▶ **Given information**:
====================

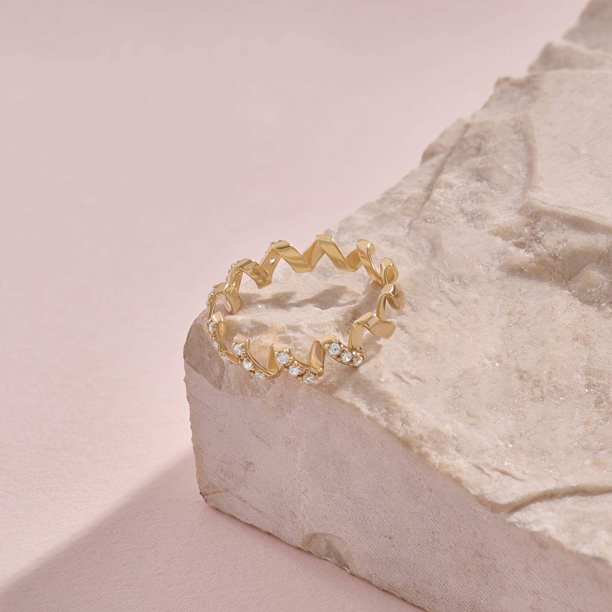 The Moissanite Twirl Ring combines modern design with timeless sparkle. Featuring a graceful swirling band that wraps around the finger, it’s accented by brilliant moissanite stones for sustainable shine. A versatile piece that can be worn solo or stacked for a more expressive style.
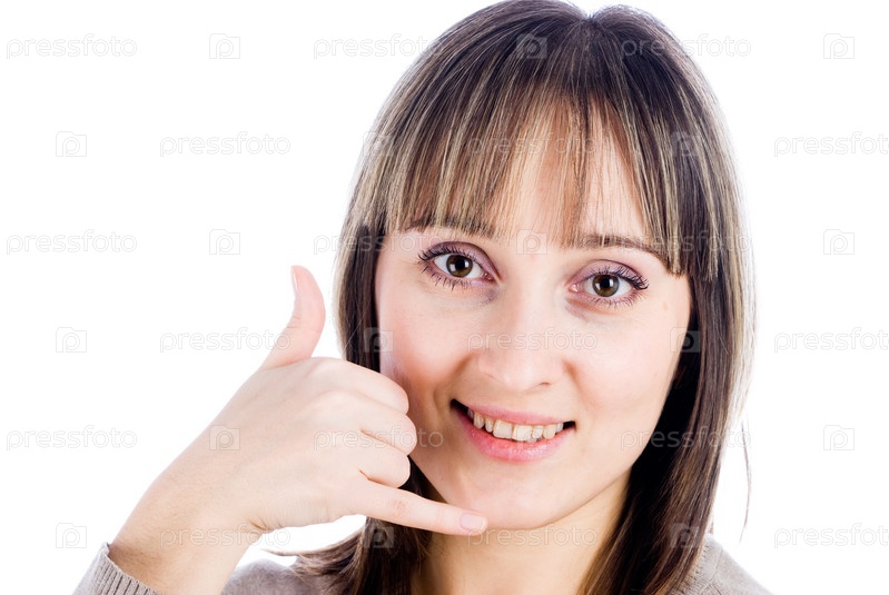 Молодая женщина показывает жестом "позвони мне"
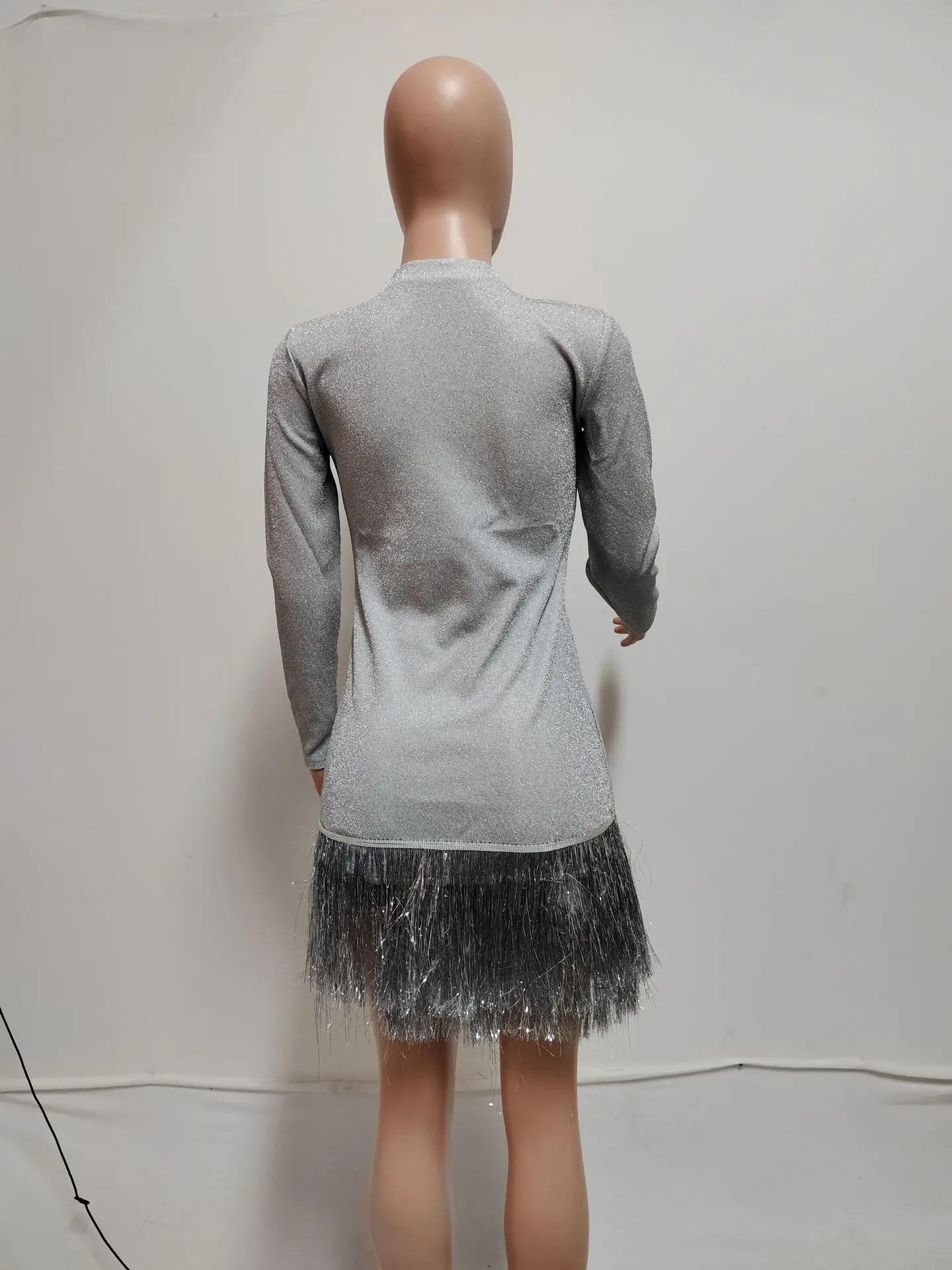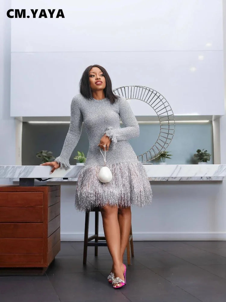 CM.YAYA ファッション レディース シルバー タッセル ボディコン ミニ ミディ ドレス 2024年 秋冬 長袖 パーティー クラブ イブニングドレス ベスティドス

====================

▶ **Requirement**:
Copy all the material word for word, minus its pictures.

▶ **Answer to this task**:
 The Moissanite Twirl Ring combines modern design with timeless sparkle. Featuring a graceful swirling band that wraps around the finger, it’s accented by brilliant moissanite stones for sustainable shine. A versatile piece that can be worn solo or stacked for a more expressive style.
 Молодая женщина показывает жестом "позвони мне"
 CM.YAYA ファッション レディース シルバー タッセル ボディコン ミニ ミディ ドレス 2024年 秋冬 長袖 パーティー クラブ イブニングドレス ベスティドス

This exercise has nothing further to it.